Joint Base Anacostia–Bolling (JBAB) is a 905-acre (366 ha) military installation, located in Southwest, Washington, D.C., established on 1 October 2010 in accordance with congressional legislation implementing the recommendations of the 2005 Base Realignment and Closure Commission. The legislation ordered the consolidation of Naval Support Facility Anacostia (NSF) and Bolling Air Force Base (BAFB), which were adjoining, but separate military installations, into a single joint base, one of twelve formed in the country as a result of the law. The base hosts the Defense Intelligence Agency Headquarters amongst its other responsibilities. The only aeronautical facility at the base is a 100-by-100-foot (30 by 30 m) helipad (ICAO: KBOF).

Overview
Joint Base Anacostia–Bolling (JBAB) is responsible for providing installation support to 17,000 military, civilian employees and their families, 48 mission and tenant units, including ceremonial units (United States Air Force Honor Guard, USAF Band, USAF Chaplains, the Navy Ceremonial Guard), various Army, Marine Corps, Coast Guard, Joint Service commands and other DOD and federal agencies.

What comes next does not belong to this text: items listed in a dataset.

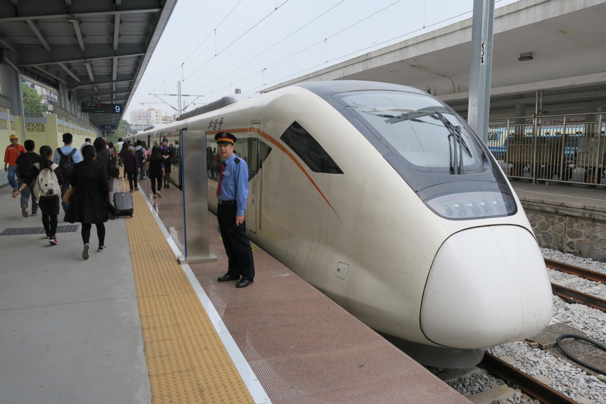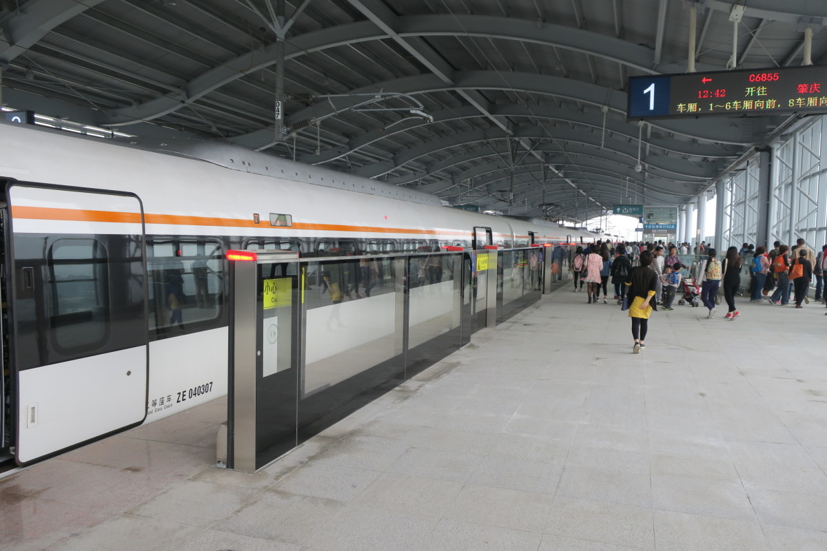 帰りは高鉄に乗る。肇慶東駅は広州南駅から広西方面を結ぶ高鉄の駅。 すぐ隣に広佛肇城際鉄路の駅である鼎湖東駅がある。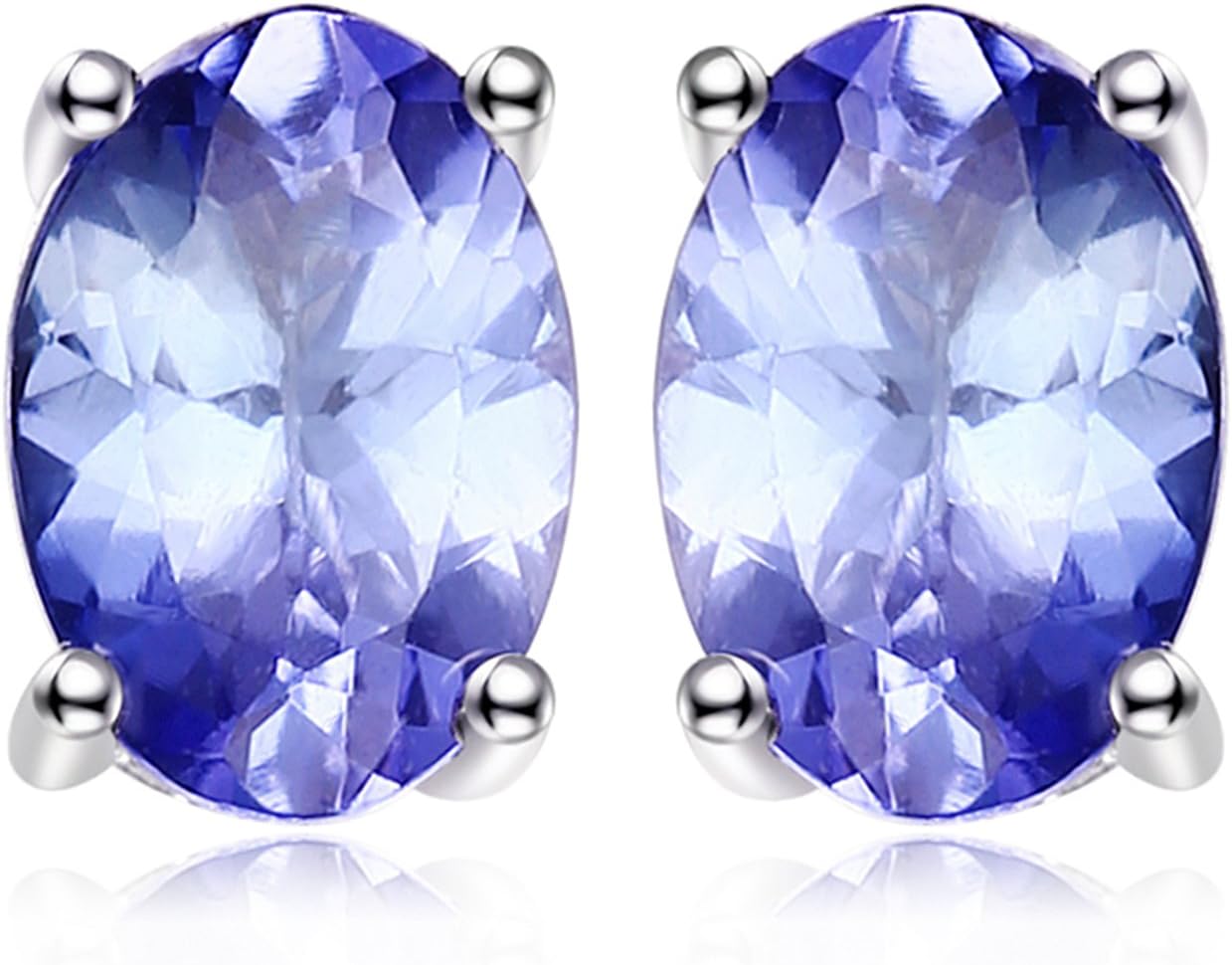 JewelryPalace Oval Cut 1ct Natural Blue Tanzanite Solitaire Stud Earrings for Women, 925 Sterling Silver 14k White Yellow Rose Gold Plated Earrings for Her, Fashion Gemstone Jewelry Gift for Girls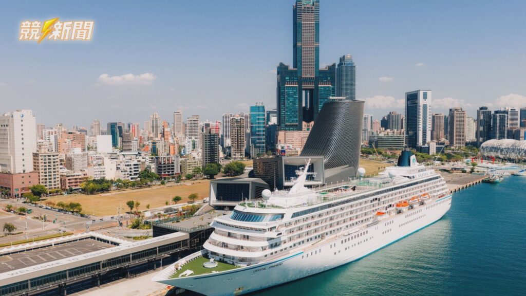 高端郵輪品牌「水晶合韻號」(Crystal Symphony)於18日上午首度駛入高雄港,成為今年第五艘首航高雄的國際郵輪。 (圖:記者李佳龍/翻攝)

Bolling Air Force Base units also provide ceremonial support to the White House, the Chairman of the Joint Chiefs of Staff, the Secretary of the Air Force, and the Air Force Chief of Staff, mainly through 11th Wing, the United States Air Force Honor Guard and The United States Air Force Band.

NSF Anacostia falls under the command of Naval District Washington. The tenant commands for the navy aspect of the base include:

 Commander, Naval Installations 
 District of Columbia Army National Guard
 Department of Defense Inspector General 
 Marine Forces Reserve Center 
 Marine Helicopter Squadron (HMX-1) 
 NEXCOM BEM Gary Elliott 
 Office of Chief of Information 
 White House Communications Agency

Additionally, the Defense Intelligence Agency Headquarters has been located at Joint Base Anacostia–Bolling since 1987, and Coast Guard Station Washington, D.C., is located on the post next to the Capitol Cove Marina. The Naval Research Laboratory is not part of the Joint Base but is located immediately adjacent to it. Department of Homeland Security Office of Inspector General is also located in the base.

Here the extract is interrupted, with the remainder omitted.